== Work task ==
Starting at the line holding "Smoke: Area residents" and finishing at the line holding "새상품급!!Bou Jeloud 오렌지 케이블 니트 스웨터 셔츠 도킹", transcribe the material exactly, keeping both ends but no pictures.

== Task data ==
======
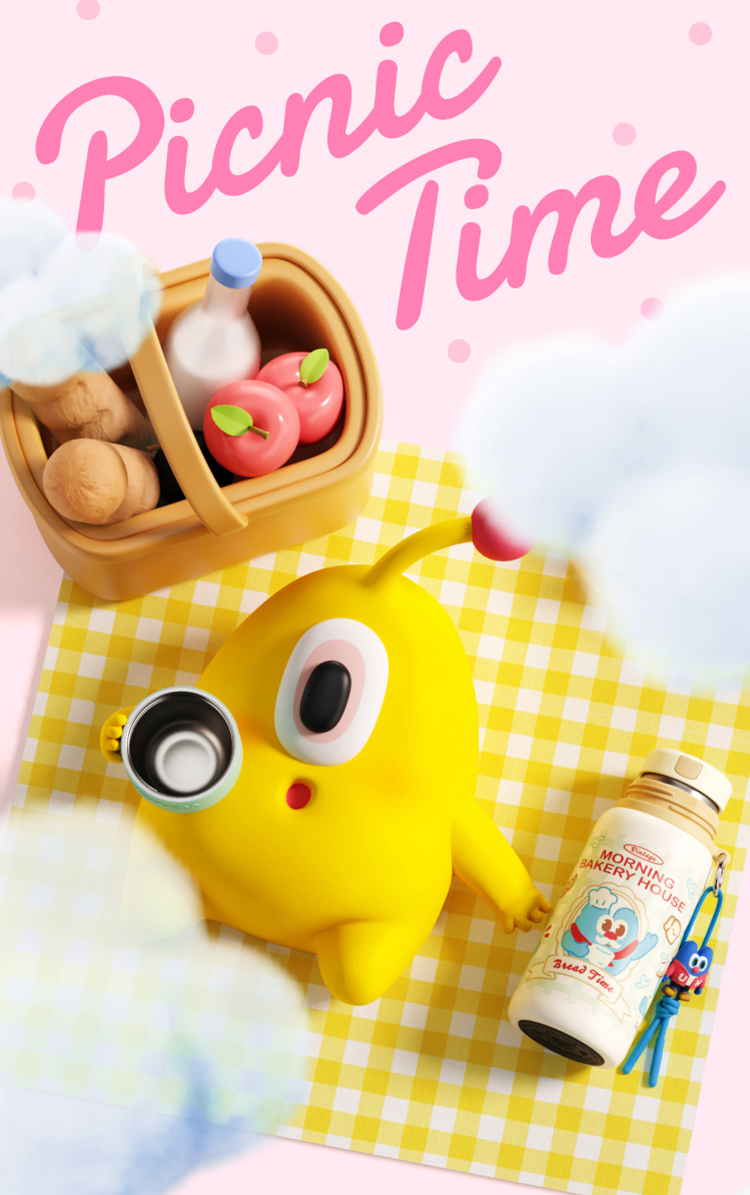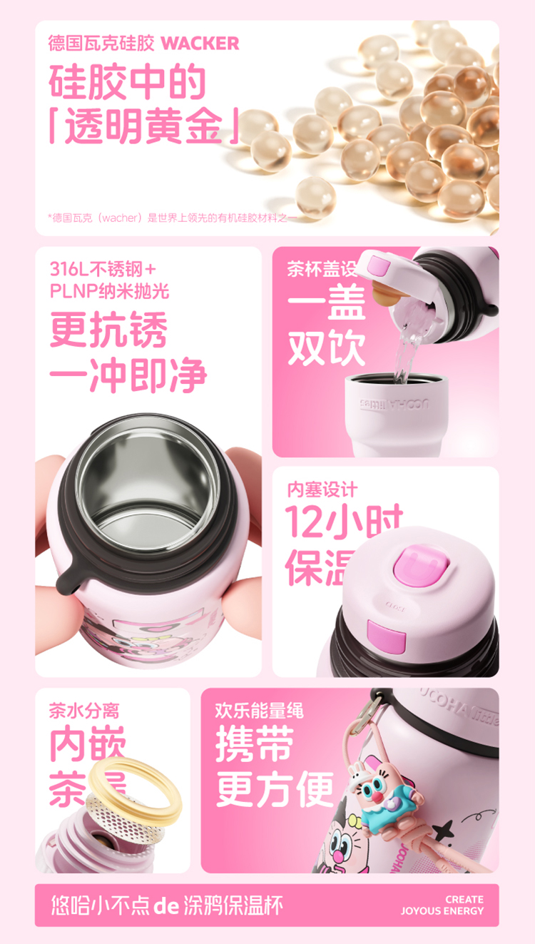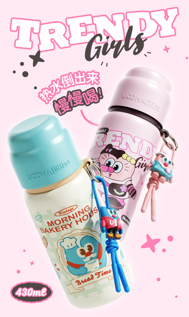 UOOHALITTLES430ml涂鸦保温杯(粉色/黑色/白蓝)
======
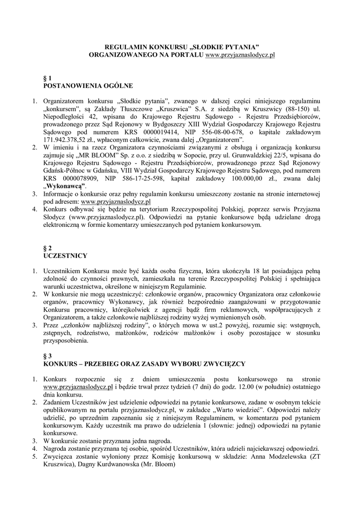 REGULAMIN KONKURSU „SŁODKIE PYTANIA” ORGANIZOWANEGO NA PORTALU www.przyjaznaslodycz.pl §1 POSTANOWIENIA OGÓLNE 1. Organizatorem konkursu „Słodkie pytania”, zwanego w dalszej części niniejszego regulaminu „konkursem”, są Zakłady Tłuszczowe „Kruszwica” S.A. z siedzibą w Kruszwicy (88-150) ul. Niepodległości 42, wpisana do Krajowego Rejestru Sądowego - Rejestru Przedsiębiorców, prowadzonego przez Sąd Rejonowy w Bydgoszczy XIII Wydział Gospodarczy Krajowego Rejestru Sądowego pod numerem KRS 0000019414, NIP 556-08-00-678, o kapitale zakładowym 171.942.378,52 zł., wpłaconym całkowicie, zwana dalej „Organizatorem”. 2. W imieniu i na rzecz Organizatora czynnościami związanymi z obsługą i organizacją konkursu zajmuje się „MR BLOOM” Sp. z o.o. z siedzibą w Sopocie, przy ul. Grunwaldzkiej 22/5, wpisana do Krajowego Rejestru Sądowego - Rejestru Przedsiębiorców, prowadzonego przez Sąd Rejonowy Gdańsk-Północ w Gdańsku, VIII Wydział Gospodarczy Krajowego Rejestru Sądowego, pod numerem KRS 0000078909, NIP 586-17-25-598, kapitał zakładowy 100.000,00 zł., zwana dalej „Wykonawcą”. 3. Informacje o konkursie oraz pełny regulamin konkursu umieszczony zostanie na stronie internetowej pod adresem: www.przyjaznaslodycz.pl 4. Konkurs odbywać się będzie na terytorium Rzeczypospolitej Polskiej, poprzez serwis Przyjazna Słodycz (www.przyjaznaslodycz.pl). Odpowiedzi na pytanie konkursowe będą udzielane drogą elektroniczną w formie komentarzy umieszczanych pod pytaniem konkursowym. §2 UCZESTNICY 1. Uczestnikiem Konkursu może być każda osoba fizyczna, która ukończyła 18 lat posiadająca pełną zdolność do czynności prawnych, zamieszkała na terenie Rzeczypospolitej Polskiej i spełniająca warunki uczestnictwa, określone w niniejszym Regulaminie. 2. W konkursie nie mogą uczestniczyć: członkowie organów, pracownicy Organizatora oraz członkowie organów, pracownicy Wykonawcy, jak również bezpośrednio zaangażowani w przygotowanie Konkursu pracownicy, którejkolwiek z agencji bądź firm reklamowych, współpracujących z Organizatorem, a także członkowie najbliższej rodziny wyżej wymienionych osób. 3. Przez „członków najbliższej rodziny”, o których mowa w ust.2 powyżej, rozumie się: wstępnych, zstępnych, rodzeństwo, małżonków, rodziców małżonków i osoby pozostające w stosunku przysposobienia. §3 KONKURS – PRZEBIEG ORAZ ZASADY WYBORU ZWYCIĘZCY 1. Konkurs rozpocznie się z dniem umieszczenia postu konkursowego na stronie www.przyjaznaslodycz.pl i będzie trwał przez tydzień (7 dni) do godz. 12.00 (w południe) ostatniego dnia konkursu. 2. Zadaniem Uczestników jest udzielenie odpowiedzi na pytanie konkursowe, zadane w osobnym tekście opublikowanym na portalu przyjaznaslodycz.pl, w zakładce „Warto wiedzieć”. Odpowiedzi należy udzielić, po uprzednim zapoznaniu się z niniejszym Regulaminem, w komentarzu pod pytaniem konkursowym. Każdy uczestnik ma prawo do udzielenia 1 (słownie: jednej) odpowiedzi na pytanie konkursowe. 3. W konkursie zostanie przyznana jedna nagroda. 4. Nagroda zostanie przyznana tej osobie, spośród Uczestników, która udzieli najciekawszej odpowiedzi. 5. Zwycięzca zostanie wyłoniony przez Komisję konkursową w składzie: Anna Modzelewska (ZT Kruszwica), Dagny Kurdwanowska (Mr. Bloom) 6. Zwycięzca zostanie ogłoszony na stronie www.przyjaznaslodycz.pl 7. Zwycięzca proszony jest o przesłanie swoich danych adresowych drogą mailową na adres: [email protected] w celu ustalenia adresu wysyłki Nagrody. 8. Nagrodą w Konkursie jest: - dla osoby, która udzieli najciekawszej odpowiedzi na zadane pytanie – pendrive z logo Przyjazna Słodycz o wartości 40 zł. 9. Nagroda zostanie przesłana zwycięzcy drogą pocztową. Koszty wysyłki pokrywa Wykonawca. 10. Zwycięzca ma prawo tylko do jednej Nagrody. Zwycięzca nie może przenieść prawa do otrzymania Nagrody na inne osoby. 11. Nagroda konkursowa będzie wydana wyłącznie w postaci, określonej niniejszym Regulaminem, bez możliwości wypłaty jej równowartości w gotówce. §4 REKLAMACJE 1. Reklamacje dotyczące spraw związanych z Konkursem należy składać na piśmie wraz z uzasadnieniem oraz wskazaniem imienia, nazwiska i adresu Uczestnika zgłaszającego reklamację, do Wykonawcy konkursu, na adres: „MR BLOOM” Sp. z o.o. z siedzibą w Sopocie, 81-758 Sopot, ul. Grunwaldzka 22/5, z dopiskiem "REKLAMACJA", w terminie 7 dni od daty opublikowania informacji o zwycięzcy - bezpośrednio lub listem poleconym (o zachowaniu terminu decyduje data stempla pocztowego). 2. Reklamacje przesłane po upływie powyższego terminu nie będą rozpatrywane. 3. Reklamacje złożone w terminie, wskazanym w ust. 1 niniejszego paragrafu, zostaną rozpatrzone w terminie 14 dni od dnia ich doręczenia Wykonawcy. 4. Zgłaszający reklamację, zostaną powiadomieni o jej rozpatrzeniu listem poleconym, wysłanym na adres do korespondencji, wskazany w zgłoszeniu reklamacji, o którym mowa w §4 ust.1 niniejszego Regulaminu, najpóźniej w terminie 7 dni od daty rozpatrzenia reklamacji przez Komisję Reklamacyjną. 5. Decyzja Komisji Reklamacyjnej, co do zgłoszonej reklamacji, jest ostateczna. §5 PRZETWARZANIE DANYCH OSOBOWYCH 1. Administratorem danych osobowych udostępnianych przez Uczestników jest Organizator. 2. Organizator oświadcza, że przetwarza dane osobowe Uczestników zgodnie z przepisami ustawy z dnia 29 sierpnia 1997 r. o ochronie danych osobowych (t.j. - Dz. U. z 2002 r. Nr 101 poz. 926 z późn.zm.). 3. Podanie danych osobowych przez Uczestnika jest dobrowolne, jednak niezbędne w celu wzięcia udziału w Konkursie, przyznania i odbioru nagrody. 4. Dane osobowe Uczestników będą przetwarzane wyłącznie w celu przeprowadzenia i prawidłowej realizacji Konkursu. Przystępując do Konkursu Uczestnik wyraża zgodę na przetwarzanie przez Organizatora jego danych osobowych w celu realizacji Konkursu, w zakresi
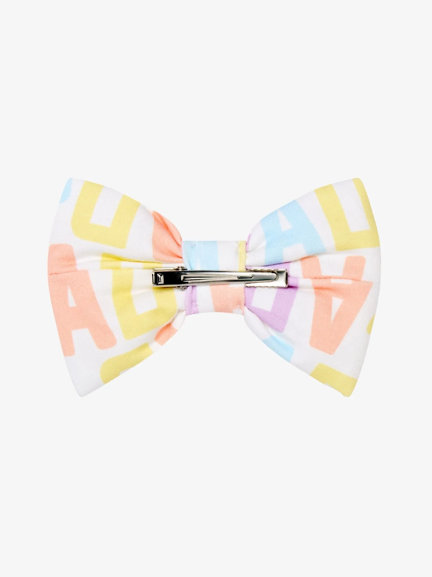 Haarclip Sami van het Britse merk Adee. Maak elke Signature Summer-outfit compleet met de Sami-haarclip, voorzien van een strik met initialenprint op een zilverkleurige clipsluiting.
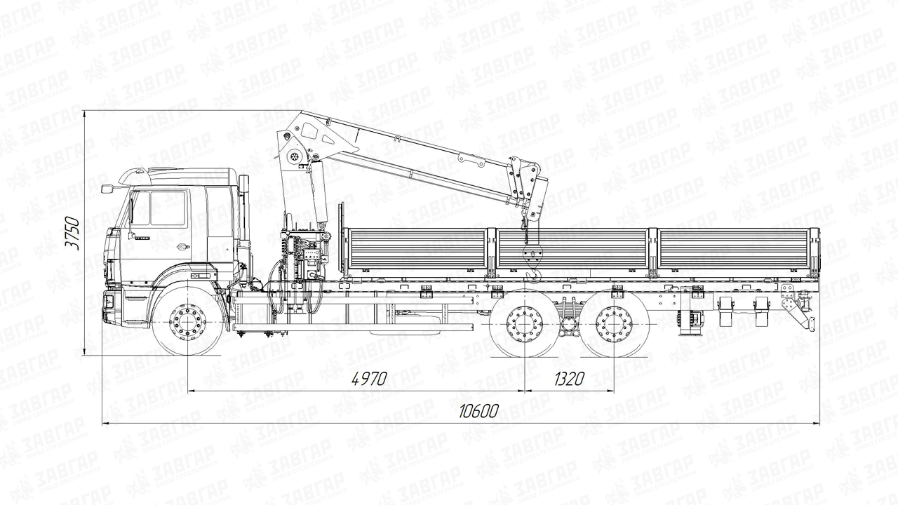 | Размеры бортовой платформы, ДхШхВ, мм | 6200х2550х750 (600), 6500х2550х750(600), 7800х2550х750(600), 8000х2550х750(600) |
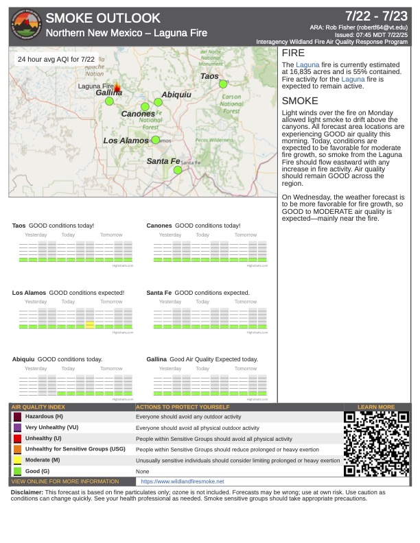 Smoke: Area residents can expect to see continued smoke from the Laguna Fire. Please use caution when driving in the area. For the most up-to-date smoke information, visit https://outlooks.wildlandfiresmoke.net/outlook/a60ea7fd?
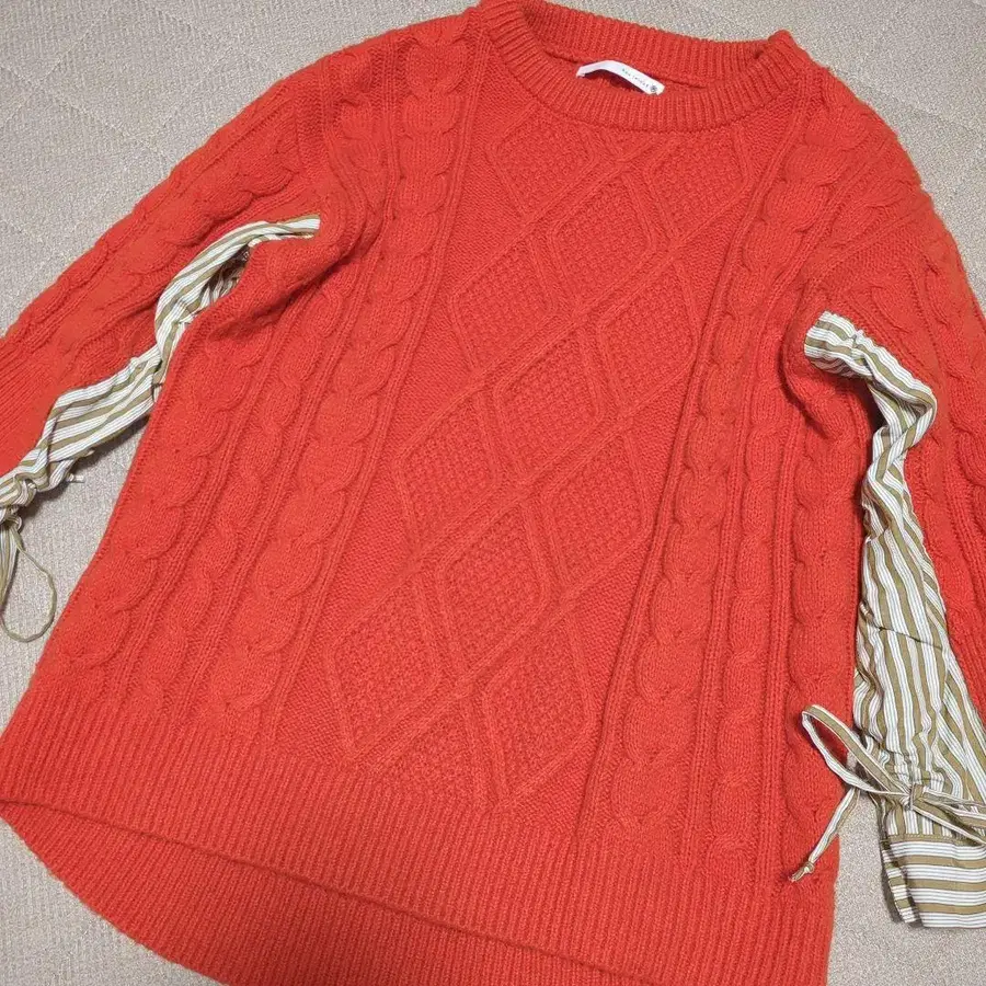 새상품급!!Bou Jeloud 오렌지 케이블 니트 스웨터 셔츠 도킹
======
== Final answer ==
 Smoke: Area residents can expect to see continued smoke from the Laguna Fire. Please use caution when driving in the area. For the most up-to-date smoke information, visit https://outlooks.wildlandfiresmoke.net/outlook/a60ea7fd?
 새상품급!!Bou Jeloud 오렌지 케이블 니트 스웨터 셔츠 도킹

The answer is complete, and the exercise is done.